Carbon dioxide (CO2) from the combustion of fossil fuels and biomass accounts for 90% of total greenhouse gas (GHG) emissions. It is thus a key factor in countries’ ability to deal with climate change. The stabilisation of GHG concentrations in the atmosphere depends on implementation of coherent national and international policies that aim at structural and technological changes. It depends on countries’ ability to further decouple CO2 and other GHG emissions growth from economic growth, and reduce the overall level of emissions.

Climate change is of global concern for its effects on ecosystems, human settlements and agriculture, and the frequency of extreme weather events. It could have significant consequences for human well-being and socio-economic activities. This, in turn, could affect global economic output.

International production networks and global value chains are increasingly interdependent. This means that domestic mitigation efforts must be placed in a global context. Further, they must build on a good understanding of carbon flows associated with international trade and final domestic demand. With increasing trade flows and the relocation of carbon-intensive production abroad, reductions in domestic emissions can be partially or wholly offset (and sometimes exceed) elsewhere in the world. The links between trade, economic growth and the environment are, however, complex. Policies must account for various factors, including pro-competitive benefits of trade for growth and development.

Achieving the aims of the 2015 Paris Agreement will require structural changes to overcome the carbon dependency of our economies. First, it will require core climate policy instruments, such as an explicit carbon price and phase out of all fossil fuel subsidies. Beyond these steps, governments must align policies across a diverse range of non-climate areas.

Carbon prices are an essential element to decarbonise the economy. They are indispensable to induce cost-effective abatement, to steer investment towards low-carbon infrastructure technologies and to discourage carbon-intensive production and consumption. Globally, countries are far from exploiting the full potential of emissions pricing policies. Most emissions across OECD and BRIICS (Brazil, the Russian Federation, India, Indonesia, the People’s Republic of China [hereafter China] and South Africa) are not priced at all, and 90% are priced at less than EUR 30 per tonne of CO2 (see chapter on Taxes and subsidies).
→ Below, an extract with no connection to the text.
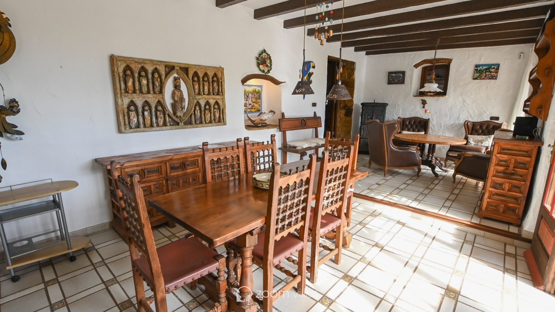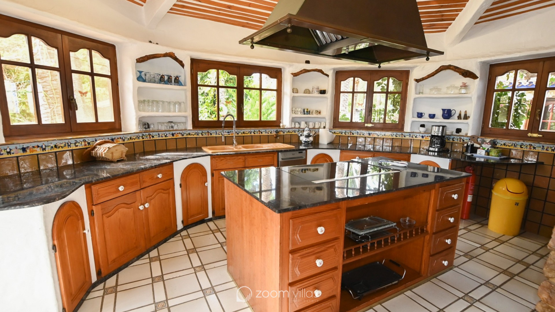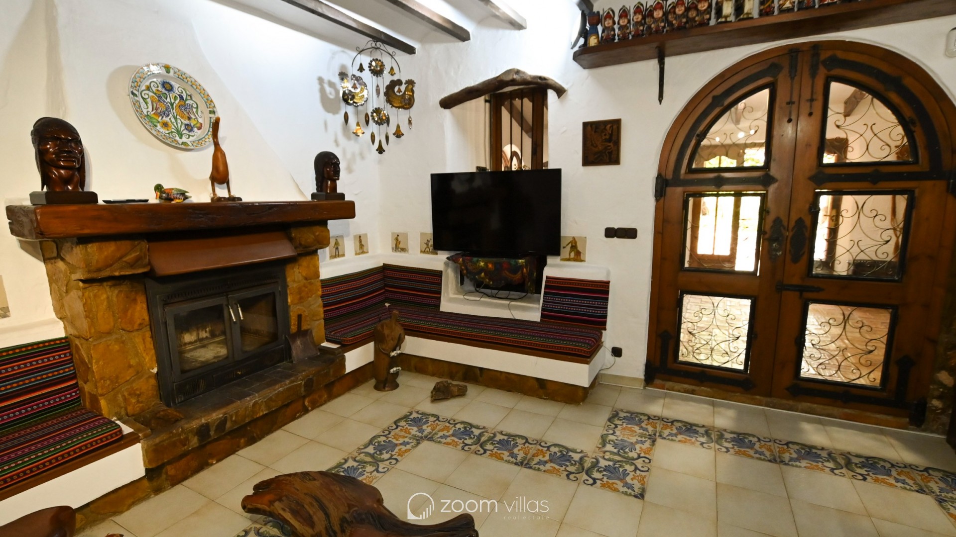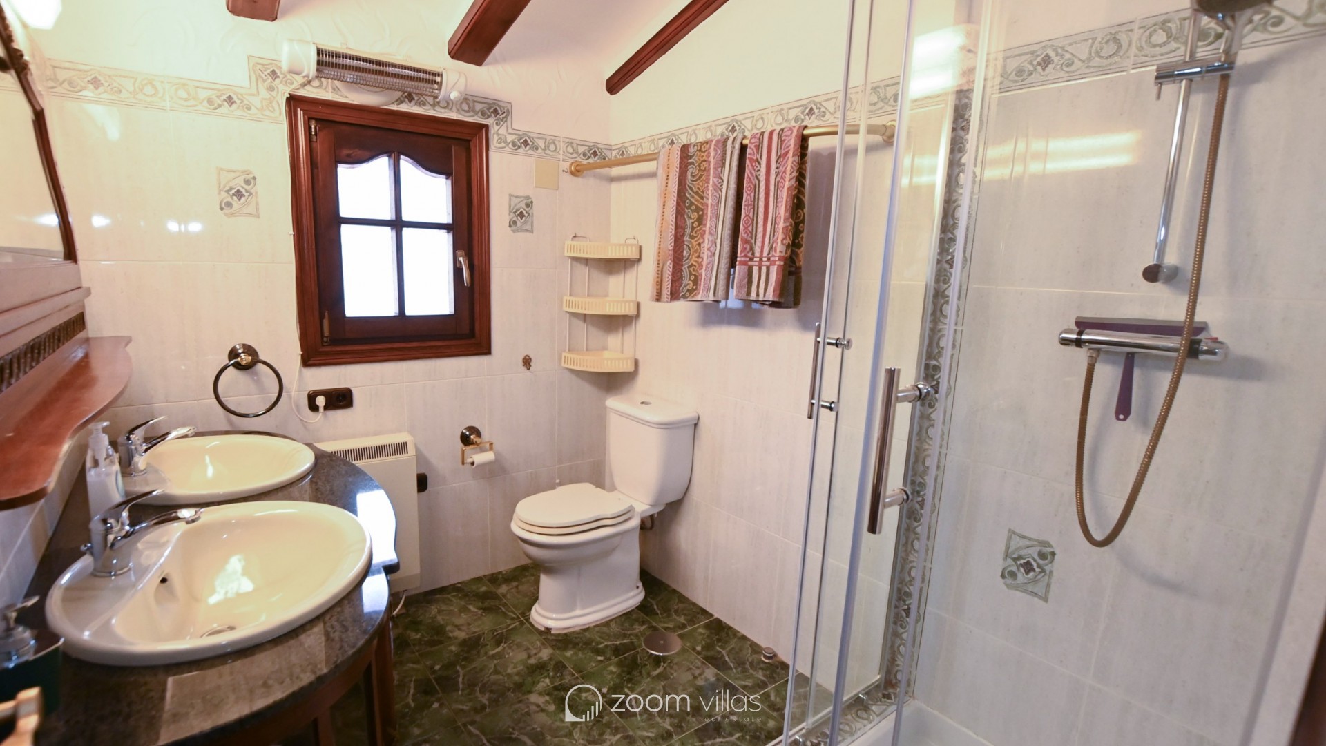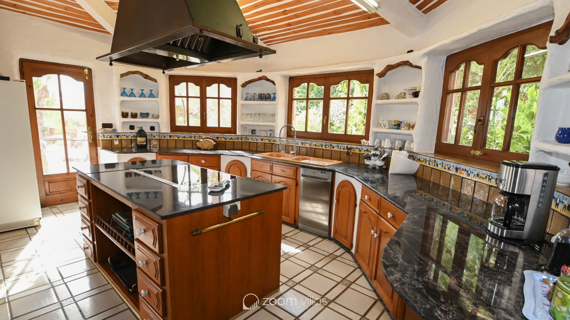 Magnifique et unique finca de plus de 200 ans, rénovée au début des années 90. Elle a une surface habitable de 400m2 sur un terrain rustique de 11.000m2. La propriété a deux étages, reliés par un escalier intérieur. A l´étage : Chambre principale de 36m2 avec air conditionné, TV, armoires encastrées et accès à une terrasse avec une belle vue sur la mer. De la chambre, on accède à la salle de bains attenante avec baignoire, douche, double lavabo, WC et bidet. La salle de bain se trouve juste sous le toit, elle a donc une partie basse, attention à la tête. Chambre double de 25m2 avec air conditionné, sortie sur le balcon et salle de bain attenante avec douche, bidet, lavabo et WC. En bas : 1 chambre double avec lits superposés pour enfants, air conditionné et sortie sur la terrasse extérieure avec vue sur la palmeraie. Salle de bain avec baignoire, bidet, lavabo et WC. 1 chambre double avec climatisation et salle de bain attenante avec douche, lavabo et WC. Salon de 49m2 avec cheminée et accès à un bureau. Salle de jeux. Salle à manger principale de 20m2. Cuisine ouverte avec four, plaque de cuisson au gaz, lave-vaisselle, micro-ondes et coin repas avec vue sur la piscine et la mer. Coin salon à côté de la salle à manger. Buanderie (derrière la maison) avec réfrigérateur et machine à laver. Toilettes. La finca est meublée dans un style rustique avec des meubles et une décoration provenant d´Amérique latine, en particulier de Bolivie, du Chili et du Mexique. Extérieur : Piscine (non clôturée) avec île au milieu, 17m x 9m de large (forme irrégulière), avec des marches romaines, belles vues sur la mer et le Peñon d´Ifach. A côté de la piscine il y a une pelouse avec des palmiers et des vues dégagées. La piscine est entourée d´une grande terrasse avec des meubles d´extérieur, un barbecue intégré, un parasol et une salle à manger intégrée. Zone de palmiers avec cascade, pelouse et grande table ronde pour 8-10 personnes. Parc avec route asphaltée, pins, bougainvilliers, aires de repos et vues dégagées sur la mer. Le jardin est un paradis et entoure la villa. Vous pouvez vous promener entre les sentiers du parc et autour de la propriété. Terrain de pétanque. Douche extérieure juste à côté de la piscine. Murs en pierre naturelle. Parking pour plusieurs voitures (1 couvert). La maison est équipée d´une alarme, de l´éclairage de la piscine, de moustiquaires aux fenêtres des chambres et d´un coffre-fort. A l´extérieur, il y a plusieurs pièces de rangement et un garage. Située à 1,2km de Puerto Blanco, 2,5km du centre de Calpe et 3km de la plage de sable. Supermarché à 2,5km, pharmacie à 2km et restaurant le plus proche à 1km. Aéroport d´Alicante à 70 km et aéroport de Valence à 120 km.

Current policies do not provide stable and sufficient economic incentives for firms to reduce the costs of future mitigation. Nor do they provide incentives for investments that take account of rising climate risks. Introducing a predictable long-term path of carbon prices will allow firms to adapt their investment plans to expected future increases in carbon prices. This is particularly important for investment in long-lived assets.

Progress towards green growth can be assessed against trends in CO2 emission productivity from the production and demand (footprint) perspectives, and the level of decoupling achieved between GHG emissions and economic growth. These trends can further be related to domestic objectives and international commitments and to changes in atmospheric concentrations of GHG.
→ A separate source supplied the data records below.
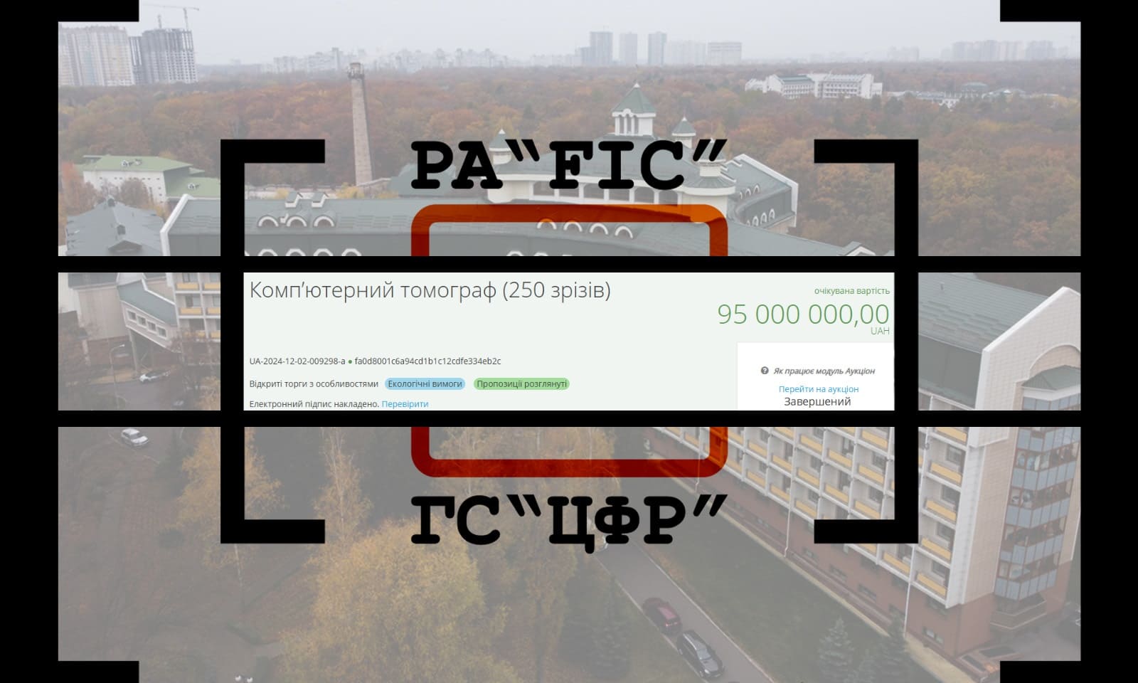 12 грудня Клінічна лікарня “Феофанія” Державного управління справами провела закупівлю комп’ютерного томографа (250 зрізів). Очікувана вартість закупівлі склала 95 000 000 гривень (державний бюджет).
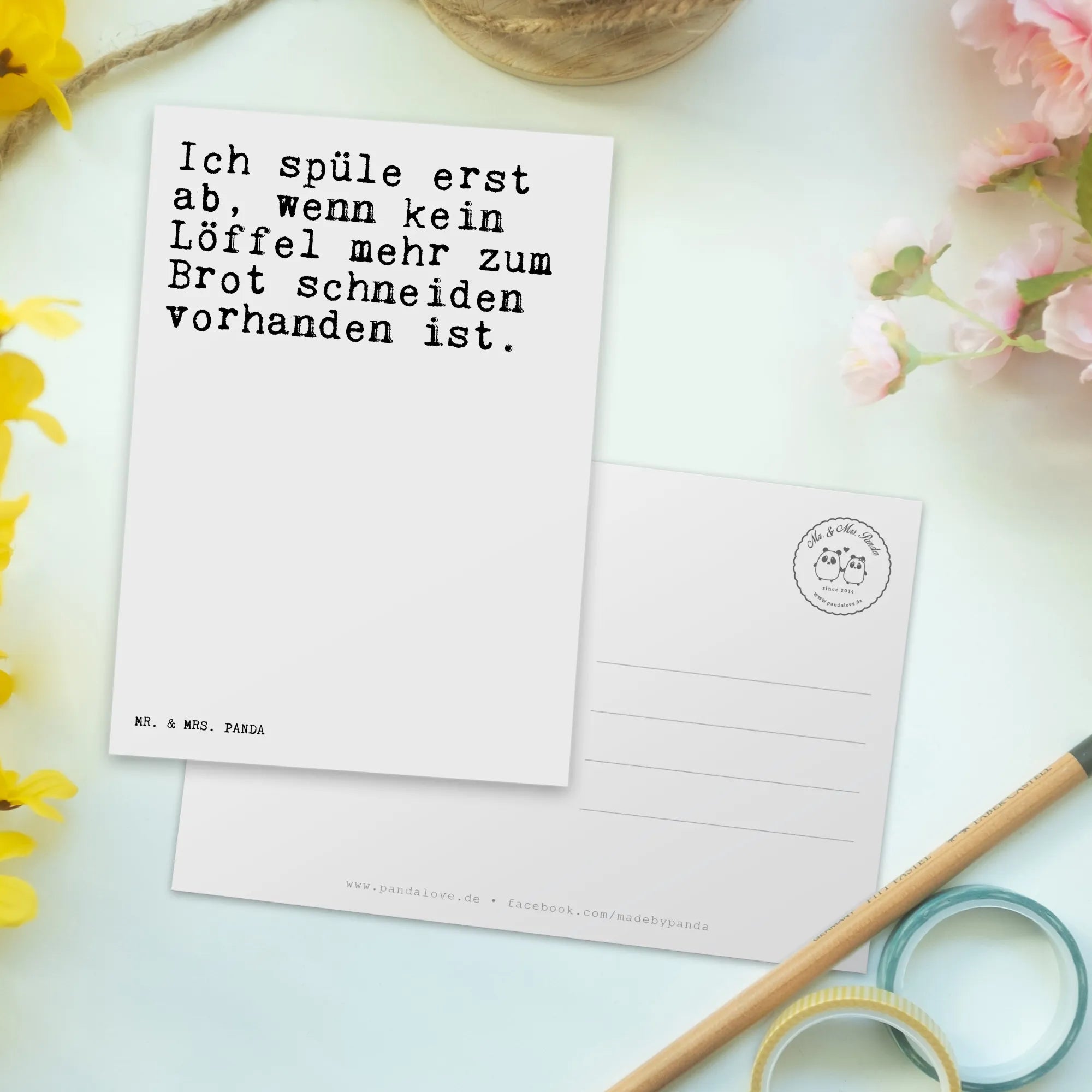 Postkarte Sprüche und Zitate Ich spüle erst ab, wenn kein Löffel mehr zum Brot schneiden vorhanden ist. - Weiß
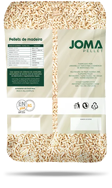 Produto tipo exportação, 100% natural, biodegradável. A JomaPellet compromete-se com a excelência, fornecendo pellets de alta qualidade e certificações que atestam nosso compromisso ambiental. Durante a queima, os pellets geram uma quantidade reduzida de emissões poluentes, tornando-os uma opção mais limpa e amigável ao meio ambiente. As an export-type product, 100% natural, and biodegradable, JomaPellet is committed to excellence, providing high-quality pellets with certifications that attest to our environmental commitment. During combustion, the pellets generate a reduced amount of pollutant emissions, making them a cleaner and environmentally friendly option.

CO2 emissions from energy use are still growing worldwide, mainly due to increases in transport and energy sectors. In 2014, global energy-related CO2 emissions reached a record high of 32.38 billion tonnes, or 58% more than in 1990. Production-based emissions growth has decelerated in OECD countries in the wake of the 2008 financial crises. In part, this reflects an on-going decline in the contribution of industry to overall economic activity. In BRIICS economies, emissions have continued to rise sharply (Figure 1.1).

The carbon productivity of OECD economies has improved, as CO2 emissions increased at a lower rate than real GDP (relative decoupling). Half of OECD countries have decreased emissions in absolute terms (absolute decoupling). Beyond decreases in economic activity, this reflects shifts in industrial structure, in energy supply mix and improved energy efficiency (see chapter on Energy productivity). Nine out of ten of the Nationally Determined Contributions (NDCs) submitted at the 2015 Paris Climate Summit included a reference to energy efficiency. Yet, countries such as Chile, Japan and Turkey have made limited progress in raising carbon productivity since 1995. In Saudi Arabia, Brazil and Argentina, carbon productivity has actually decreased (Figure 1.2a, Figure 1.3a).

Most reporting is based on the production perspective. This includes emissions generated on the national territory without taking trade flows into account. Countries may thus show absolute decoupling from a production perspective, but not in terms of their final demand. This is due both to changing trade patterns and to the shift of polluting industries to lower-cost locations, often with more lax environmental regulations.

A more nuanced picture thus emerges when emissions are considered from the perspective of final demand. Total emissions generated to satisfy domestic final demand in OECD countries have increased faster than emissions from domestic production. Over 1995-2011, only 12 OECD countries achieved absolute decoupling of demand-based CO2 emissions from real GDP (e.g. Denmark and Germany). This could also reflect improvements on the production side through cleaner energy use (consumption of cleaner domestic production). In three OECD countries (e.g. Norway) and three non-OECD economies (e.g. Indonesia) demand-based CO2 emissions increased faster than income (Figure 1.2b, Figure 1.3b). High oil prices in 2011 and lower export s...